Depois da partida de Rayan, ela voltou imediatamente para o quarto, seguindo para a varanda e sentando-se numa das cadeiras de metal próximas o suficiente da porta para que não pudesse ver a altura em que estava do chão. Ficou apenas fitando o horizonte, imaginando se Rayan tinha seguido naquela direção. Suspirou resignada. Em três anos de casamento tudo estava mais do que perfeito, e já tinham tido uma guerra que dava o suficiente para várias outras. Por que é que tinham que começar com as disputas de novo? E ela nem estava lá para se certificar de que Rayan estava inteiro!

Foi exatamente quando aquele pensamento passou por sua cabeça, que outra ideia o acompanhou. Afinal, o que exatamente a impedia de conferir que sua família ficaria bem no meio de toda aquela situação? Arregalou os olhos com a ideia nada nova, mas ela podia ser de ajuda, bastante ajuda. No mesmo instante, entretanto, ouviu as batidas leves na porta e quase pulou da cadeira, caindo para o lado, como se a pessoa do outro lado da porta tivesse sido capaz de ouvir seus pensamentos absurdos. Levantou-se da cadeira e entrou de novo no quarto, fechando as portas da sacada, dando autorização para que a pessoa entrasse no quarto.

– Você está bem, querida?

Eleanor apareceu na entrada do quarto, fechando a porta ao passar. Mesmo em roupas simples, cada movimento da mulher demonstrava a nobreza da realeza.

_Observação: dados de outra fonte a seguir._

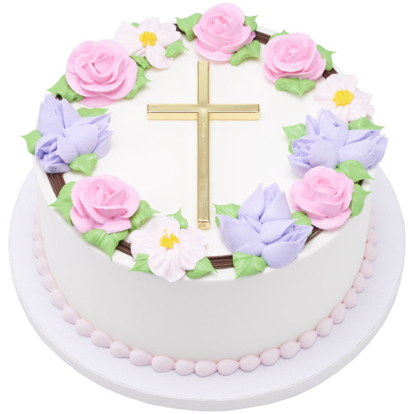 Celebrate any religious event with the beautiful and simple Gold Cross Layon. Versatile, classic and timeless, this stunning layon will be the shining center of the celebration.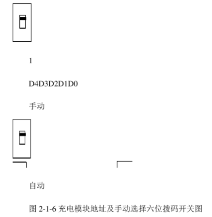 模塊面板上嵌入的電位器用來調整模塊在手動狀態下的輸出電壓,注意只有在手動方式下,調節該電位器才起作用。充電模塊地址及手動/自動撥碼開關用來設置模塊通訊地址和選擇手動功能,其定義如圖2-1-6所示:

– Sim, estou sim, obrigada. – Athena confirmou, sorrindo para a sogra. – A senhora também já está de partida?

– Ainda não. Conor está terminando de preparar a guarda e vamos partir só depois do meio dia. – ela respondeu, e Athena já fez um sinal indicando uma poltrona para a mais velha se acomodar. – Obrigada. Deve ser difícil ver seu marido partir para um acampamento de batalha, não é?

– Hm... o que posso fazer, não é? É o dever dele. – Athena deu de ombros, a expressão mais distante, tentando disfarçar o que se passava em sua cabeça, sentou-se diante dela noutra poltrona do quarto. – Eu não achei que ele fosse ter que fazer isso tão cedo, afinal, faz só três anos desde a última guerra.

– Sim, você não está acostumada com isso mesmo. – Eleanor sorriu. – Mas não se preocupe, vão resolver as coisas antes que se torne mais uma guerra. Devia ver quando Heidrich ascendeu ao trono, tivemos guerras por quase uma década. Foi muito difícil conseguir estabelecer as fronteiras do reino como são hoje e criar laços de paz com as outras coroas. Foi um trabalho duro.

– Então o Rei sempre foi à guerra? – perguntou Athena, engolindo em seco diante do comentário. Imaginou-se em dez anos de guerras seguidas e um calafrio passou pelo corpo.

– Sim. – Eleanor respondeu, mantendo o sorriso no rosto. – Foi bem difícil no começo, eu nunca sabia se ele voltaria bem, algumas vezes voltou com ferimentos muito graves. Heidrich nunca abriu mão de controlar o próprio exército. Ele acha que um verdadeiro Rei deve estar à frente de suas próprias batalhas, não atrás de seus súditos. E bom, eu não tinha como contrariá-lo nesse ponto.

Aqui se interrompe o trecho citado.